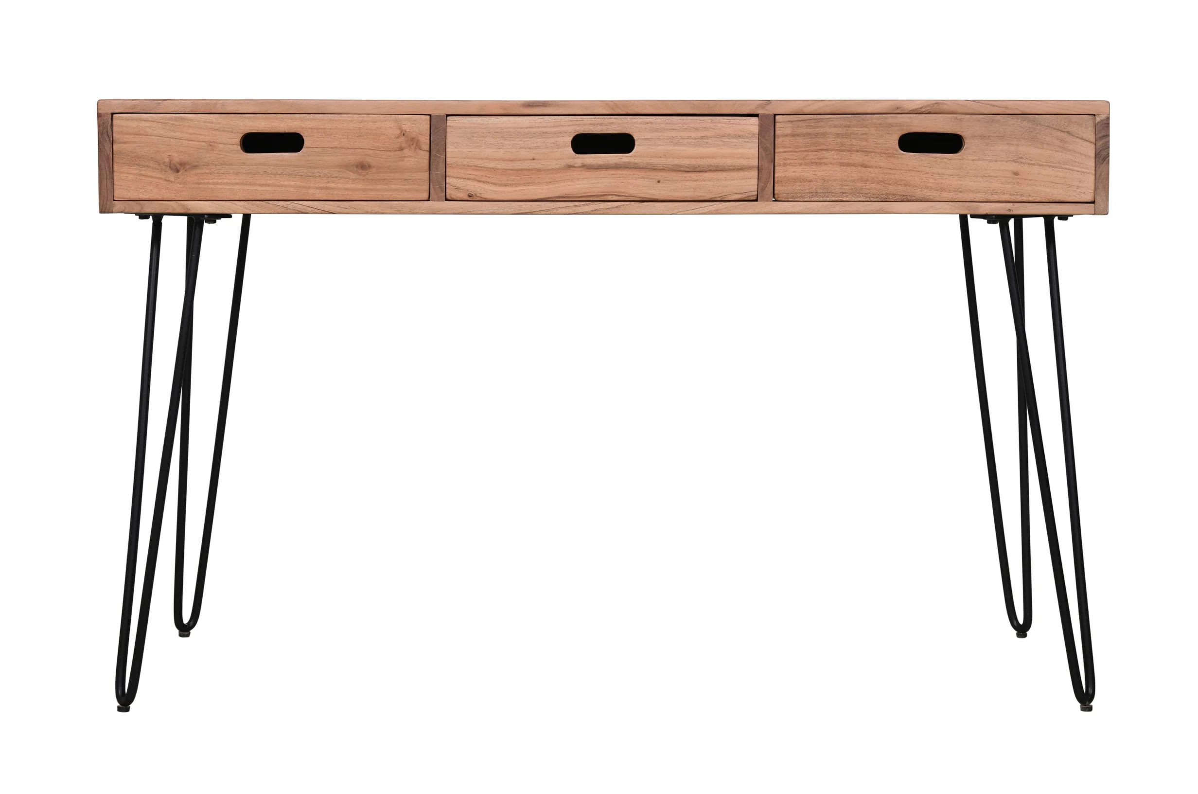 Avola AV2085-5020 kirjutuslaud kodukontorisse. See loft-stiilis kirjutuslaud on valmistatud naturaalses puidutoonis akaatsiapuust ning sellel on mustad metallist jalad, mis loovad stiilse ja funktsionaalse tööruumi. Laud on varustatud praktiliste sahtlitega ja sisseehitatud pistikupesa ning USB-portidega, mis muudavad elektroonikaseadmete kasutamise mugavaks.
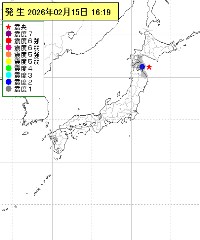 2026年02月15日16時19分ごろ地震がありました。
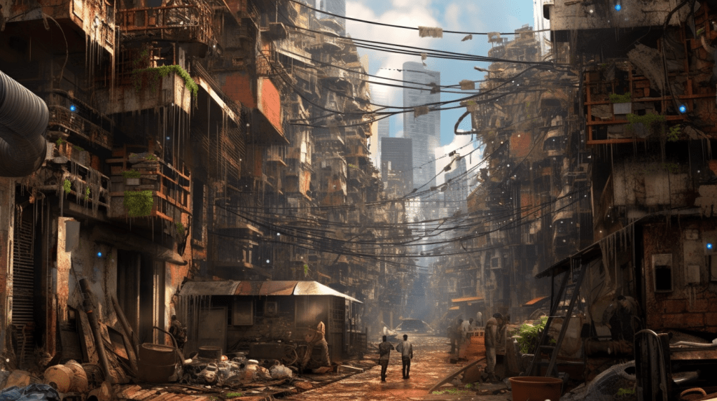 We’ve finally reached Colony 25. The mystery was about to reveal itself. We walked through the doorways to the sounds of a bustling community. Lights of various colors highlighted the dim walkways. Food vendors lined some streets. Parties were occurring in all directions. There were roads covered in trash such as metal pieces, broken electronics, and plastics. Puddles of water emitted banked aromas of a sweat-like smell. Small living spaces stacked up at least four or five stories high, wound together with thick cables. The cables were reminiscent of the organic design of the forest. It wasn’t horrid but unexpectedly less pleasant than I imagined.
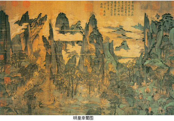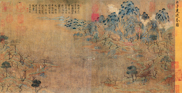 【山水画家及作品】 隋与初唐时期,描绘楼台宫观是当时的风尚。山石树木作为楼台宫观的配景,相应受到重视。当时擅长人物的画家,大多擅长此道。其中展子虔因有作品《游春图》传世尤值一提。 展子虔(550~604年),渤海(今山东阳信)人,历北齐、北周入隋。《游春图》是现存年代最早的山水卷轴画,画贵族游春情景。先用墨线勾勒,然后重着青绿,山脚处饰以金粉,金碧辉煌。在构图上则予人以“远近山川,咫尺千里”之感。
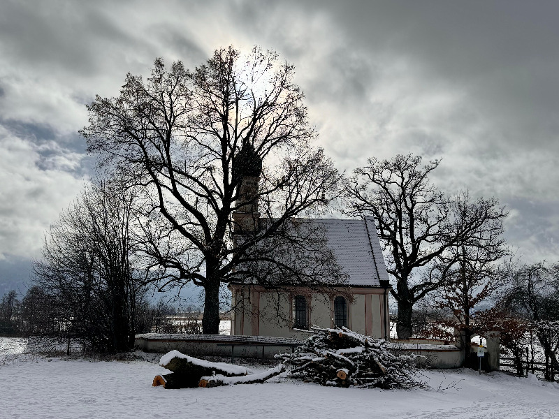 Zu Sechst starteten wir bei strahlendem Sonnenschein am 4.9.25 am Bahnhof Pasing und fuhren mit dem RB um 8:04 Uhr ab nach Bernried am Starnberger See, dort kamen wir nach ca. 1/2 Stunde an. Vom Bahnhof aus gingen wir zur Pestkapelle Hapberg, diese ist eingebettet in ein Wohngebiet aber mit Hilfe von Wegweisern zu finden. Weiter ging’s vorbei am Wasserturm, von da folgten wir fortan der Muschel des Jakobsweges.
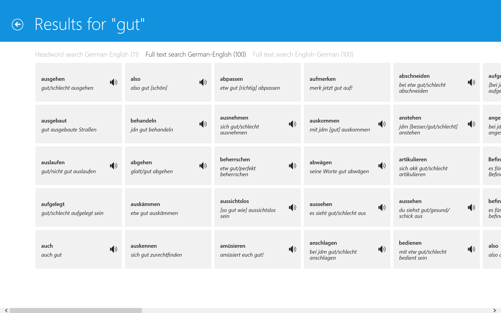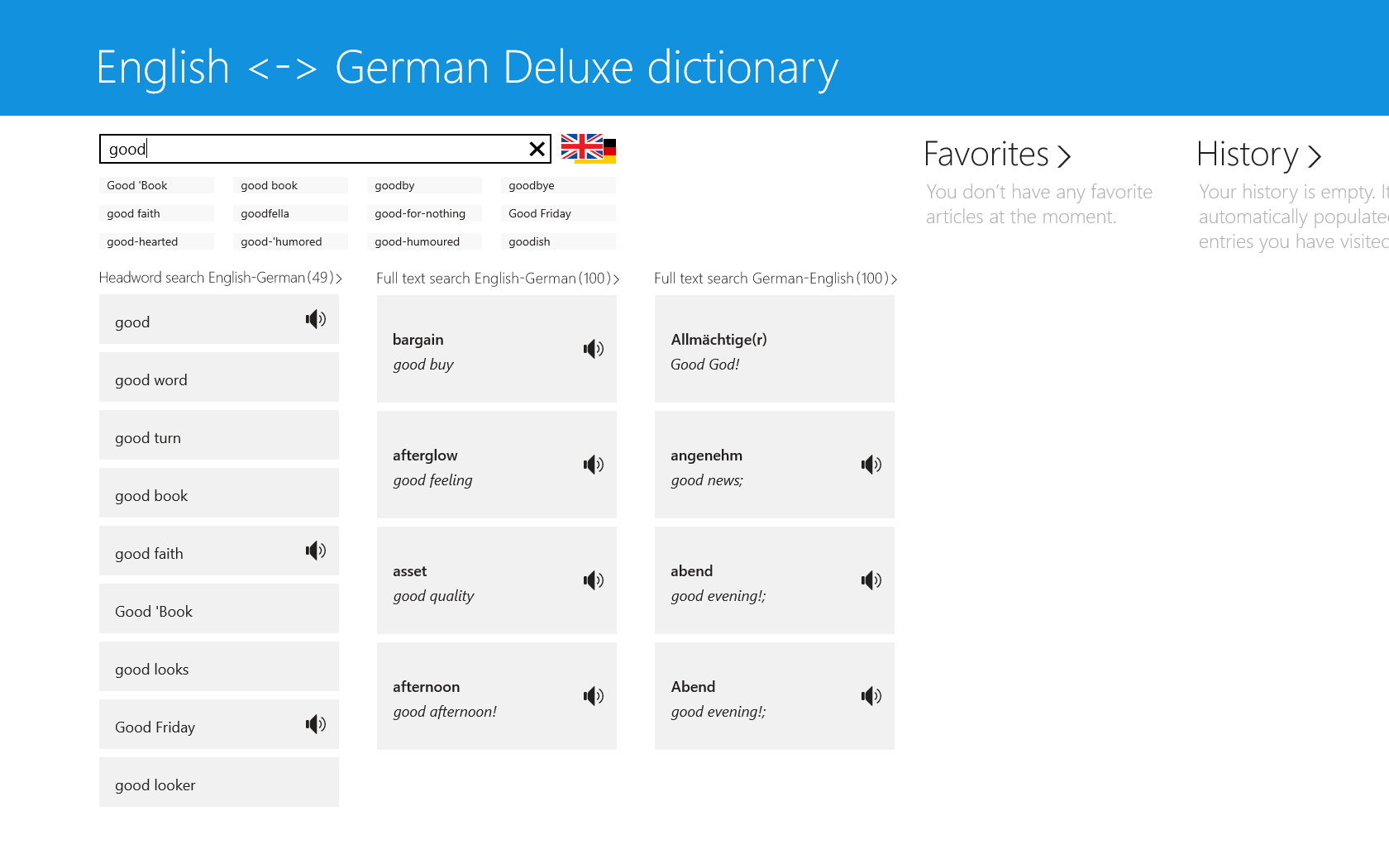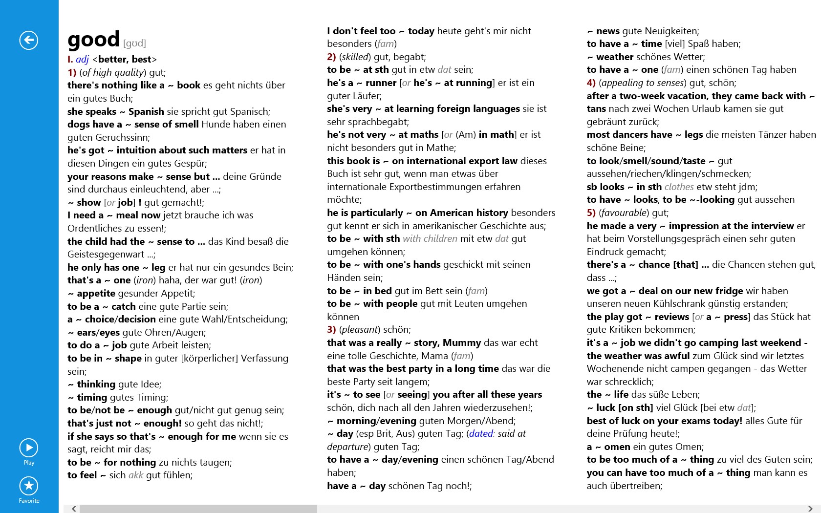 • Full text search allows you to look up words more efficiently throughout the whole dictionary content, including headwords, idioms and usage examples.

# # # #

## [What is being asked]
Omit the pictures and reproduce the records above exactly.

## [Response to this exercise]
 Avola AV2085-5020 kirjutuslaud kodukontorisse. See loft-stiilis kirjutuslaud on valmistatud naturaalses puidutoonis akaatsiapuust ning sellel on mustad metallist jalad, mis loovad stiilse ja funktsionaalse tööruumi. Laud on varustatud praktiliste sahtlitega ja sisseehitatud pistikupesa ning USB-portidega, mis muudavad elektroonikaseadmete kasutamise mugavaks.
 2026年02月15日16時19分ごろ地震がありました。
 We’ve finally reached Colony 25. The mystery was about to reveal itself. We walked through the doorways to the sounds of a bustling community. Lights of various colors highlighted the dim walkways. Food vendors lined some streets. Parties were occurring in all directions. There were roads covered in trash such as metal pieces, broken electronics, and plastics. Puddles of water emitted banked aromas of a sweat-like smell. Small living spaces stacked up at least four or five stories high, wound together with thick cables. The cables were reminiscent of the organic design of the forest. It wasn’t horrid but unexpectedly less pleasant than I imagined.
 【山水画家及作品】 隋与初唐时期,描绘楼台宫观是当时的风尚。山石树木作为楼台宫观的配景,相应受到重视。当时擅长人物的画家,大多擅长此道。其中展子虔因有作品《游春图》传世尤值一提。 展子虔(550~604年),渤海(今山东阳信)人,历北齐、北周入隋。《游春图》是现存年代最早的山水卷轴画,画贵族游春情景。先用墨线勾勒,然后重着青绿,山脚处饰以金粉,金碧辉煌。在构图上则予人以“远近山川,咫尺千里”之感。
 Zu Sechst starteten wir bei strahlendem Sonnenschein am 4.9.25 am Bahnhof Pasing und fuhren mit dem RB um 8:04 Uhr ab nach Bernried am Starnberger See, dort kamen wir nach ca. 1/2 Stunde an. Vom Bahnhof aus gingen wir zur Pestkapelle Hapberg, diese ist eingebettet in ein Wohngebiet aber mit Hilfe von Wegweisern zu finden. Weiter ging’s vorbei am Wasserturm, von da folgten wir fortan der Muschel des Jakobsweges.
 • Full text search allows you to look up words more efficiently throughout the whole dictionary content, including headwords, idioms and usage examples.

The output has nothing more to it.